The Washington Post – States shoulder road-building burden as government stalls
States shoulder road-building burden as government stalls
BY MARK NIQUETTE
Bloomberg News (TNS)
COLUMBUS, Ohio -U.S. states are taking more financial responsibility
for roads and bridges as the expiration of federal transportation
funding approaches, straining a partnership that dates to the
administration of President Dwight D. Eisenhower in the 1950s.
At least six states have delayed about $2 billion in construction
projects because of the uncertainty, and others are making contingency
plans to pay contractors. Five states, all with Republican governors,
increased fuel taxes this year, while Minnesota and Michigan are
pursuing legislation or ballot measures to raise additional money.

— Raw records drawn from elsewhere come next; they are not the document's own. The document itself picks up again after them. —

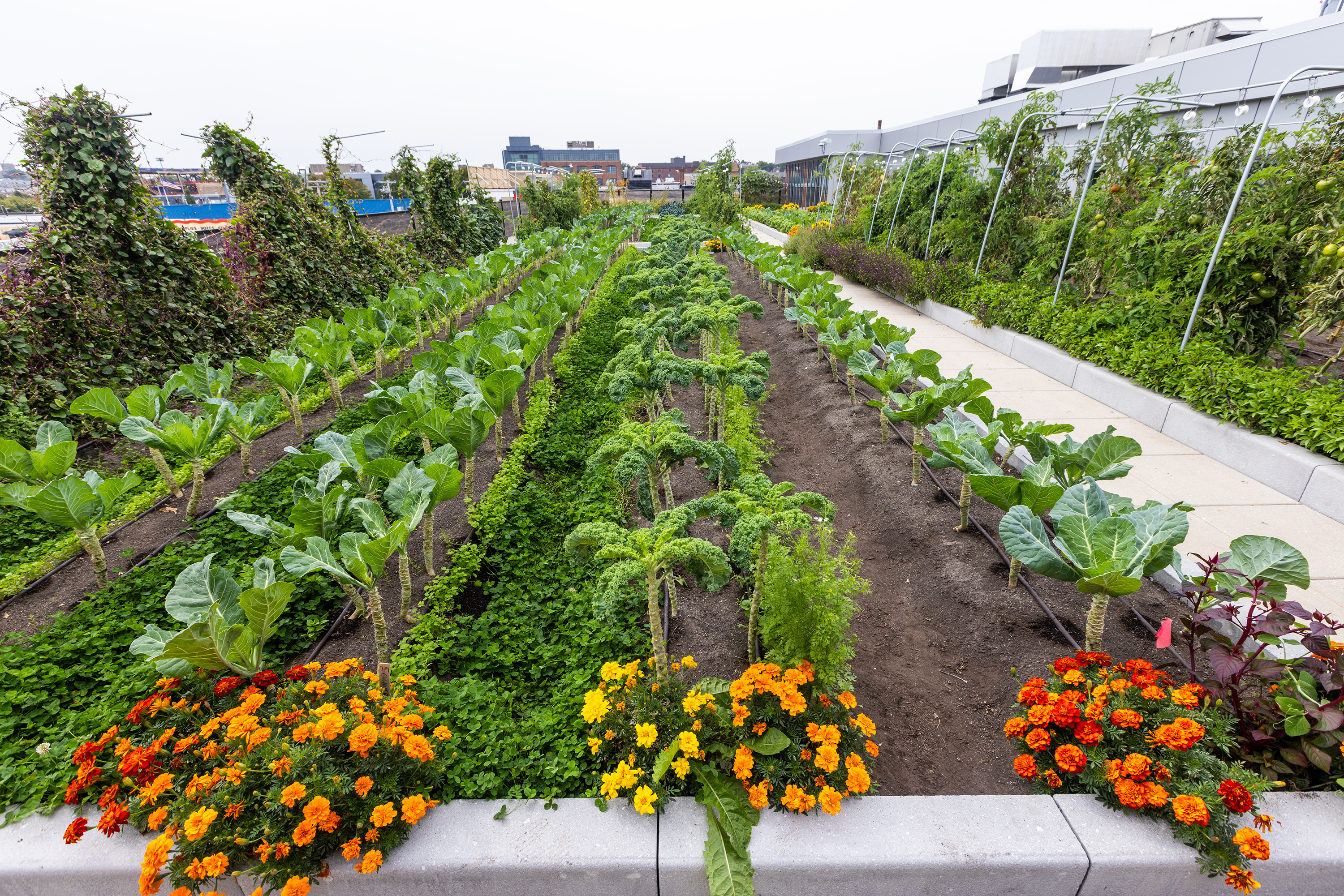 Standing on the roof amid the solar panels, Goldman pointed out a large vegetable garden one floor down.
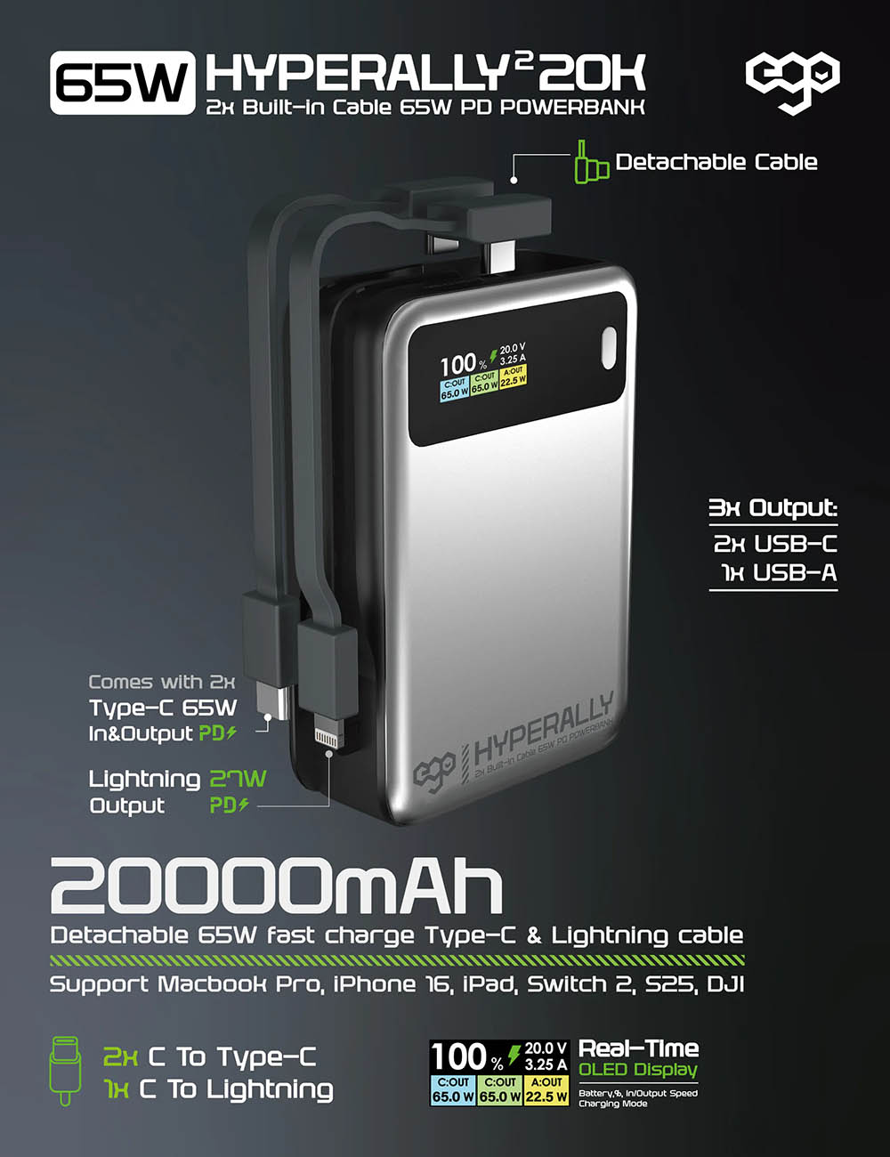 بطارية ego AllyDelivery / سعة 10000mAh / واير تايب سي + Lighting مدمج / ستاند + شحن لاسلكي / رصاصي
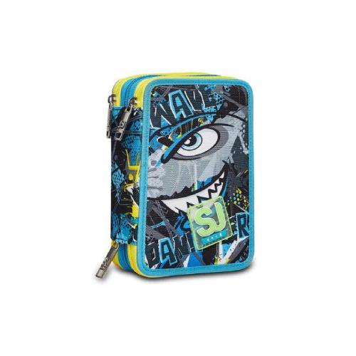 Astuccio 3 Zip Seven SJ Gang Sharken - Astuccio scolastico attrezzato completo 45 pezzi per scuola primaria
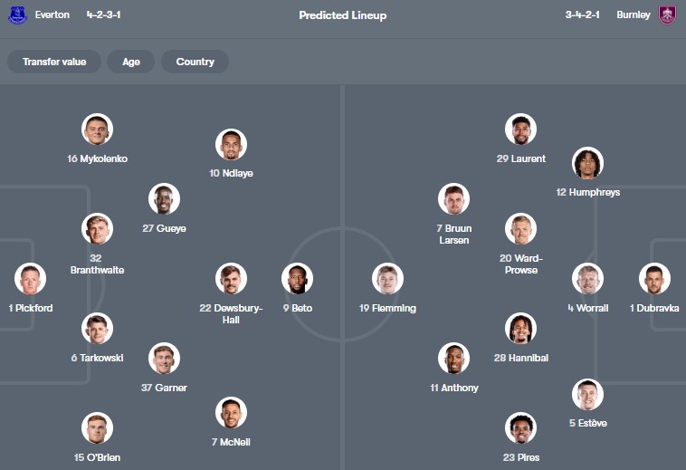 Đội hình dự kiến Everton vs Burnley:

The Congressional Budget Office projects that the U.S. Highway Trust
Fund, which provides federal dollars for roads and transit, will
become insolvent after the current funding bill, itself only a
10-month fix, ends May 31. There’s been no long-term funding plan
since 2009, and Congress has failed to address an estimated $58
billion annual shortfall for surface transportation. States are
charting their own courses.
”They have to do that,” Tennessee Commissioner of Transportation
John Schroer said. ”I don’t think we have any other option.”
States accounted for 40 percent of the average $213 billion in annual
highway and transit spending from 2008 to 2012, with local entities
paying 35 percent and the federal government 25 percent, according to
the Pew Charitable Trusts in Washington. Yet in some states, federal
funding accounts for more than half the transportation budget.

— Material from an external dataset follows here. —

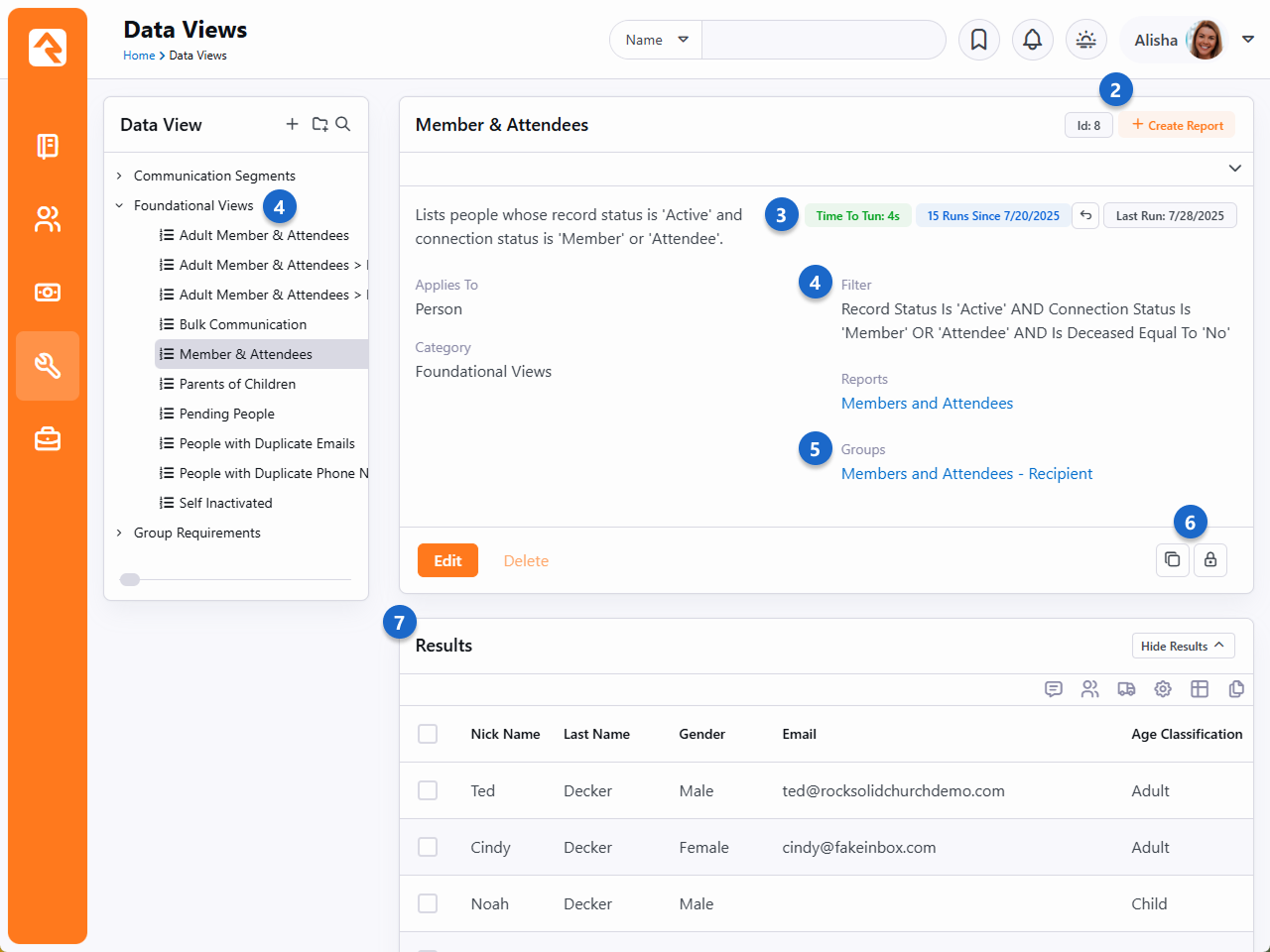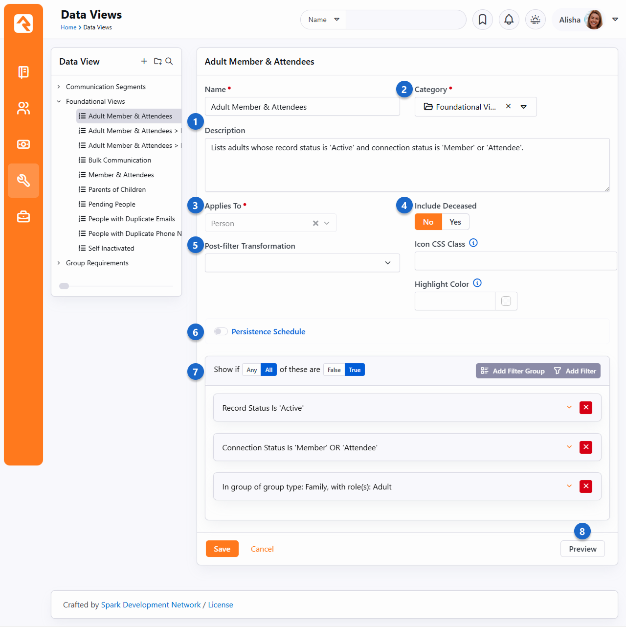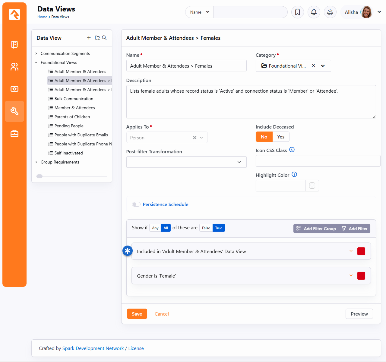 Let's start by looking at a couple of the Data Views that come out-of-the-box. Data Views are configured under Tools > Data Views. Below is a figure of the default list of data views. Over time you'll collect plenty of data views. To help you organize them we allow you to create a hierarchical directory of categories. The use of categories again becomes a part of your reporting strategy. What good is a reusable data view if you can't find it when you need it? Categories - Data views are organized into hierarchical categories. Categories help you sort and organize your data views.Id and Create Report - The Id of the data view is displayed here for reference. You can also click the Create Report button to start creating a report using the data view. We'll explain creating reports in the next chapter below.Run Details - How this area looks will change depending on the activity, or lack of activity, associated with a data view. In this example we can see:Time to Run - This label shows how long it took to retrieve the data. This is a great way to identify potential performance issues.Runs Since - Here you can see how many times the data view has been run since the displayed date. This is an easy way to get a sense of how frequently the data view is used.Reset - Click the ti ti-arrow-back-up button to reset the Runs Since field. This will set the count of runs back to zero, as of today's date. Last Run - This displays the most recent date that the data view was run. If the date is very far in the past, you might examine if the data view is needed anymore. Removing unused data views may help system performance but will also ensure a tidy system in general. Data View Filter Summary - This is an automatically generated summary of the filters used in this data view. We'll talk more about these filters below.Data Views / Reports - In this area you can easily see which other data views, reports or group syncs are using this data view. If you make any changes to the data view, these items will be impacted.Copy / Security - The ti ti-copy icon will create a new data view that is a copy of this one. You can also click the ti ti-lock icon to change security permissions for this data view.Results - These are the actual results of your data view configuration, according to the filters you've added. We'll go over filters in more detail below. Note that the results are in their own block, so you can do things like launch workflows for the items listed. Now let's drill into the first data view called Adult Members & Attendees. As you probably guessed, this view filters adults who have the connection status of Member or Attendee. It also only returns only active records. Click the Edit button to see how this data view is configured. Name / Description - The name and description of the data view. We highly recommend writing a detailed description for your data view. Be sure to include how you intend the data view to be used. These details may not seem important now, but your future self will be thanking you.Category - A category should already be assigned when you first create the data view, but you can change it here if needed.Applies To - Technically, this field is where you specify the entity the data view is referencing. This tells Rock what filter options you have, which we'll discuss below. Most of the time you'll probably use either 'Person' or 'Group', but you're not limited to those.Include Deceased - This field will appear for data views that apply to people. If this is enabled, people who are marked as deceased in Rock will be included in the data view's results. In most cases this will be disabled.Post-filter Transformation - This is where you can optionally select one of the following post-filter transformations:Allowed Check-InAllowed Check-In ChildrenChildrenFamily MembersFatherGiving LeaderGrandchildGrandparentHead of HouseholdMotherParentsSpouse Speed Settings - Here you can choose to set a Persistence Schedule. To learn more about these settings, see the Persisting Data Views section below.Filters - This is where you create the filters that are used to define your criteria for limiting records. We'll dive into how the filter area is used in later sections below.Preview - To help check your work you can select the Preview button. This will show only the first 15 rows of data returned by your filters. Next, let's look at the Adult Members & Attendees > Females Data View. Initially you might expect to see a lot of the same criteria as the previous Adult Members & Attendees data view, with the addition of the female gender filter. Clicking the Edit button, you’ll see the data view strategy at work. Notice how the first criterion is Included in Data View: Adult Members & Attendees? That says, "Take all of the filter criteria from the Adult Members & Attendees data view and apply it here." Since that logic was already built, all we needed to do here was add the gender filter. Now, let's say in the future you'd like to enhance the definition of Adult Members & Attendees by ensuring that the age of the individual is over 18. You can add this to the base view, and it will dynamically apply to all subsequent views that use it. Age Classifications Speaking of the ages of individuals...Rock allows for simple and quick filtering on whether an individual is an Adult or a Child using the Age Classification property. This property is available as a Person filter type when creating Data Views and as a Field Type when creating Reports (more on that in the next chapter). In Rock, an adult is anyone over the age of 18 or marked as an adult in one or more families. A child is anyone less than 18 or a child in all families. If neither of these conditions are met, the individual is marked as Unknown. Rock calculates age each time a person is saved and re-calculates it every time the Rock Cleanup job is run. Any vs All At the top of the filter group, you’ll notice a setting that says Show if Any/All of these are

While U.S. infrastructure deteriorated, spending declined as cars
became more fuel efficient and collections from state and federal
gasoline taxes declined. Expenditures at all levels fell $27 billion,
or 12 percent, between 2002 and 2011, and revenue for the Highway
Trust Fund has fallen short of expenditures for more than a decade,
Pew said.
About $163 billion is needed annually over a six-year period for
highways, bridges and transit systems, yet only about $105 billion is
being invested, according to a December report from the American
Association of State Highway and Transportation Officials and the
American Public Transportation Association.
The needs are pressing enough that even when states raise revenue,
they can’t afford to lose dollars from Washington, U.S. Transportation
Secretary Anthony Foxx said.
”The federal funding is still foundational,” Foxx told reporters in
Washington last week. ”They could take one step forward and two steps
back if the federal government ends up going over this cliff.”
The Obama administration has proposed a six-year, $478 billion plan,
and there have been proposals that include raising the federal
gasoline levy or taxing U.S. companies’ offshore profits brought home.
None has advanced.
Amid the uncertainty, Arkansas, Delaware, Georgia, Montana, Tennessee
and Wyoming have delayed construction projects totaling about $2
billion, and more are likely to as the deadline approaches, according
to the U.S. Department of Transportation.
Some states, including Iowa, are proceeding with the expectation of
continued funding, and planning to borrow to pay contractors if that
doesn’t happen, said Jim Tymon, chief operating officer of the highway
officials group.
The roles of federal and state governments are changing by default as
Congress fails to act, said Joshua Schank, president of the Eno Center
for Transportation, a nonpartisan policy research group in Washington.